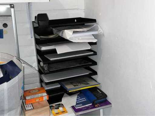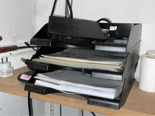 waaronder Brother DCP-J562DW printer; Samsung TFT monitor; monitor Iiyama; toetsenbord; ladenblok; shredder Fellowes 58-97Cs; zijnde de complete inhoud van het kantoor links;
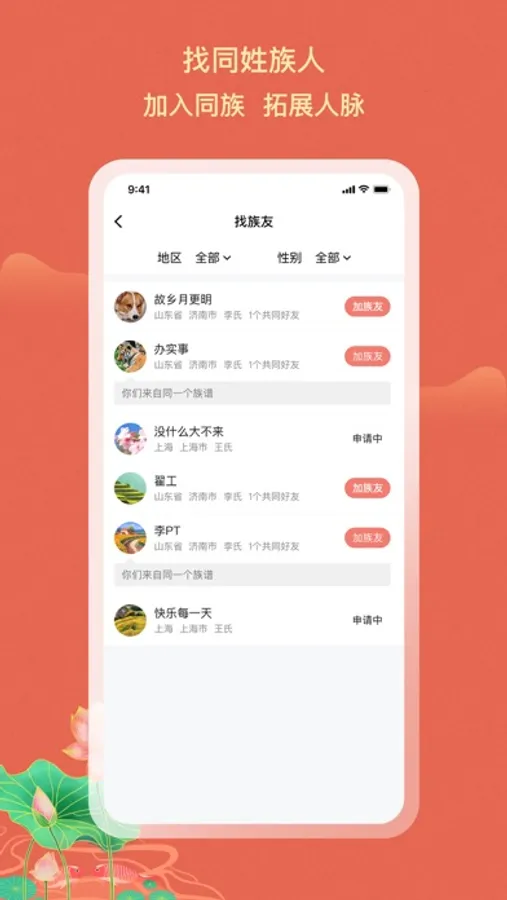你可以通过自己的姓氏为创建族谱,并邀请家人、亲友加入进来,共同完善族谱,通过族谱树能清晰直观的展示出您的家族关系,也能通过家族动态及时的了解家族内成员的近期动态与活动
━━━
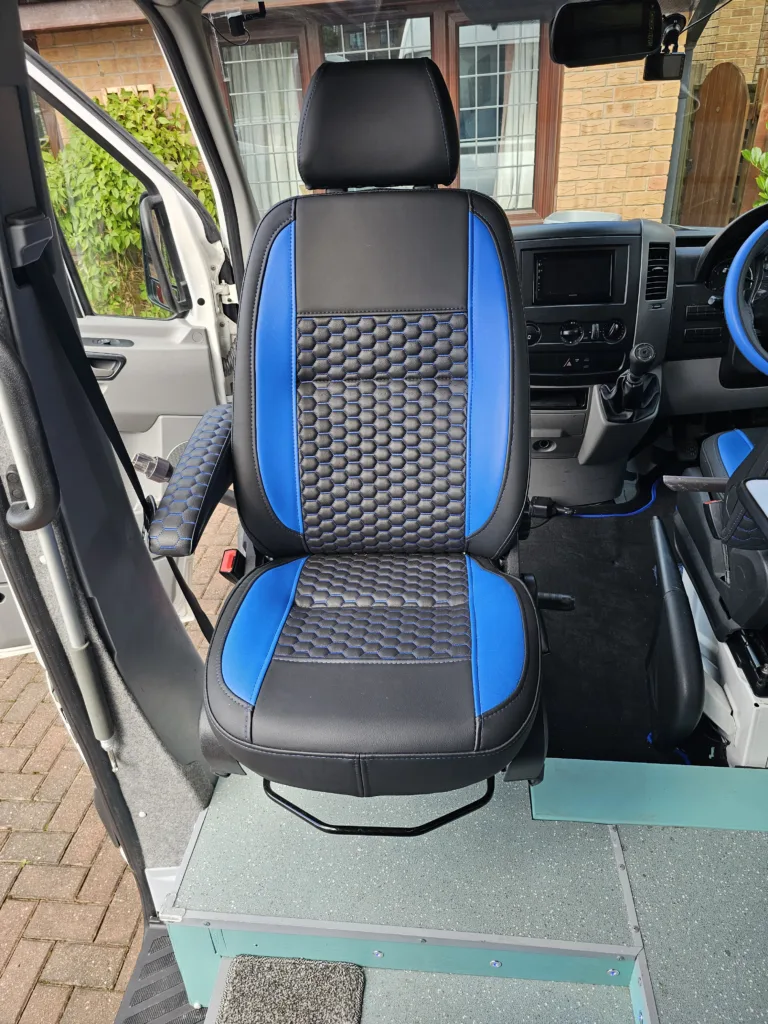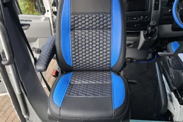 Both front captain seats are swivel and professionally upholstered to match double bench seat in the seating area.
━━━
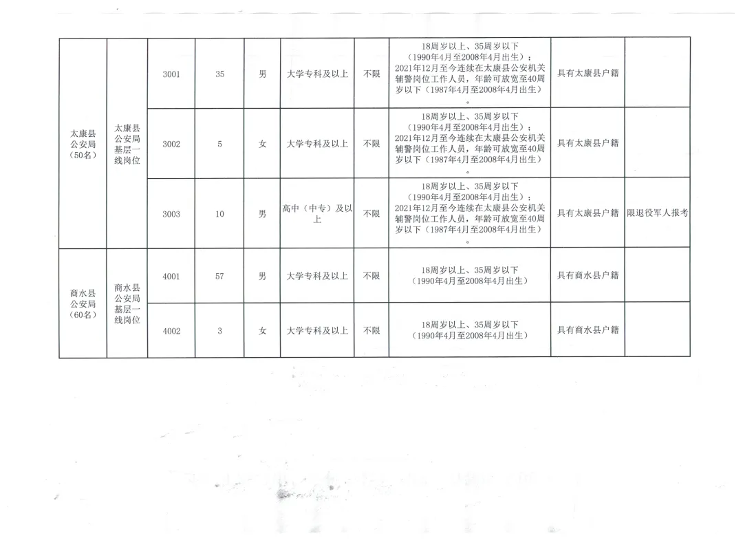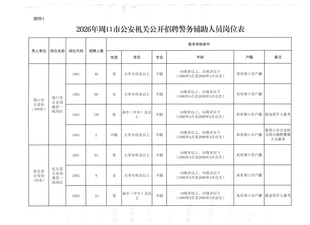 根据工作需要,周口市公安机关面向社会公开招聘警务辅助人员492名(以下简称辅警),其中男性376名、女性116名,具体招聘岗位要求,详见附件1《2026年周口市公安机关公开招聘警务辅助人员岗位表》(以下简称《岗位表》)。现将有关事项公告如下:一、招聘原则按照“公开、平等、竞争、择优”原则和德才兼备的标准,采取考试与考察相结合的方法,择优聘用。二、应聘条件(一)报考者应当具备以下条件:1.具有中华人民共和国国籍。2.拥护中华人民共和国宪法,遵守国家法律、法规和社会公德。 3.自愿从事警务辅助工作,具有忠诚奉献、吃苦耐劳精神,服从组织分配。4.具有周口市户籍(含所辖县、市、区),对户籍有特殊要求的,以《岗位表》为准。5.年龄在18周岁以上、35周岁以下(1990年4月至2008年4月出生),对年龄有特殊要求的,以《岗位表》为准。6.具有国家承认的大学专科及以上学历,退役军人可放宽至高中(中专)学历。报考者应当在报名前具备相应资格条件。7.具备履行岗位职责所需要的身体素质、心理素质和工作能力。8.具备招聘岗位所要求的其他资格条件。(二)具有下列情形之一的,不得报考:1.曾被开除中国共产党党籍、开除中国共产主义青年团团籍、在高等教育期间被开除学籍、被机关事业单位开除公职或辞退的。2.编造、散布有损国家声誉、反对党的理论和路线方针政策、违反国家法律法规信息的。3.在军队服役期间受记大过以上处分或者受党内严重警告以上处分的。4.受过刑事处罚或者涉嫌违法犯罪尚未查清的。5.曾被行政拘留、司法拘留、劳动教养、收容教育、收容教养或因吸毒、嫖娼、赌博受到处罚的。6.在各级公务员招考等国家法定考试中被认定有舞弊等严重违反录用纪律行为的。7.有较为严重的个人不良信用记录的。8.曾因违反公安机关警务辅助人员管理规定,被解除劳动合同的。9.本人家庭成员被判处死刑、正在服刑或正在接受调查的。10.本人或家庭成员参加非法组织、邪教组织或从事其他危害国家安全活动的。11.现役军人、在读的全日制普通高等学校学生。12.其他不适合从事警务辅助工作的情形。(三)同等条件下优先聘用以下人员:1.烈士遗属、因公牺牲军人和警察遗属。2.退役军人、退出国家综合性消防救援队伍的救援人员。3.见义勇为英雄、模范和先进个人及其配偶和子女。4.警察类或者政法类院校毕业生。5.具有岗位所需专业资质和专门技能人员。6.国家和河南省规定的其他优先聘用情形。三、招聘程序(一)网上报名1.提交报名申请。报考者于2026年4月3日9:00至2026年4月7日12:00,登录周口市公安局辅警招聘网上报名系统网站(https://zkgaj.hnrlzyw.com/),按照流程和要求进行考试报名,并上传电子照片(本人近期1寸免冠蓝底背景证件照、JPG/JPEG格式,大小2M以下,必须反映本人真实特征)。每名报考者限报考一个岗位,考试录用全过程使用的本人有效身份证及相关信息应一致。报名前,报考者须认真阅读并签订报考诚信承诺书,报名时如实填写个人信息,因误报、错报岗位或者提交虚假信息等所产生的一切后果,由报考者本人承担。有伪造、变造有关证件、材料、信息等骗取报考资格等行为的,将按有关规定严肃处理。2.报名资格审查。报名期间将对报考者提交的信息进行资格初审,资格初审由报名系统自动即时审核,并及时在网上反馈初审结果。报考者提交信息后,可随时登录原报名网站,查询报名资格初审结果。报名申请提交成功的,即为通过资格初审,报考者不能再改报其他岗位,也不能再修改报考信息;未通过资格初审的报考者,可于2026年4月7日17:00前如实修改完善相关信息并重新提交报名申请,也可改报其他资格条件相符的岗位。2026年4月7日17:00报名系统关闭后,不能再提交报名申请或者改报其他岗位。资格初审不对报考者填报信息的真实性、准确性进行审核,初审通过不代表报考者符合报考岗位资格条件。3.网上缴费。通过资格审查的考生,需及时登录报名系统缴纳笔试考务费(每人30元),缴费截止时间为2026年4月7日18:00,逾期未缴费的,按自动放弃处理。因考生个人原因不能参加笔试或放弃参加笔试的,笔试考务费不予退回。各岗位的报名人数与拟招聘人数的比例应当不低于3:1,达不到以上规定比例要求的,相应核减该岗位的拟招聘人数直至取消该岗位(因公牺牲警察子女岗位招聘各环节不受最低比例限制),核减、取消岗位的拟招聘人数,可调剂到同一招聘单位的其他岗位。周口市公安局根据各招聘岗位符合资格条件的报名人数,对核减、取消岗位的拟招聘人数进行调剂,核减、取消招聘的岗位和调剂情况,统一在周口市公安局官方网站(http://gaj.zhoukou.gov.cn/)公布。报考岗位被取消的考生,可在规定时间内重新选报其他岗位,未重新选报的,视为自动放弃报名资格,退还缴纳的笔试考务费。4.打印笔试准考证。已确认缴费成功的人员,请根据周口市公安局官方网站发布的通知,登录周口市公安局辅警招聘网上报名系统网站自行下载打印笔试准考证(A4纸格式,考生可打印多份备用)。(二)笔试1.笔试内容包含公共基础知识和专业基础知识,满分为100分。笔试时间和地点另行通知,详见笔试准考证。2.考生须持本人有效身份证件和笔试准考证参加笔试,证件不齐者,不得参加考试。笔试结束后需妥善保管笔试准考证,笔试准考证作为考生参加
━━━
## Exercise directions
Exactly as written above, retype the lines starting at the one holding "waaronder Brother DCP-J562DW" and ending at the one holding "你可以通过自己的姓氏为创建族", both included, but not the pictures.

## Exercise solution
 waaronder Brother DCP-J562DW printer; Samsung TFT monitor; monitor Iiyama; toetsenbord; ladenblok; shredder Fellowes 58-97Cs; zijnde de complete inhoud van het kantoor links;
你可以通过自己的姓氏为创建族谱,并邀请家人、亲友加入进来,共同完善族谱,通过族谱树能清晰直观的展示出您的家族关系,也能通过家族动态及时的了解家族内成员的近期动态与活动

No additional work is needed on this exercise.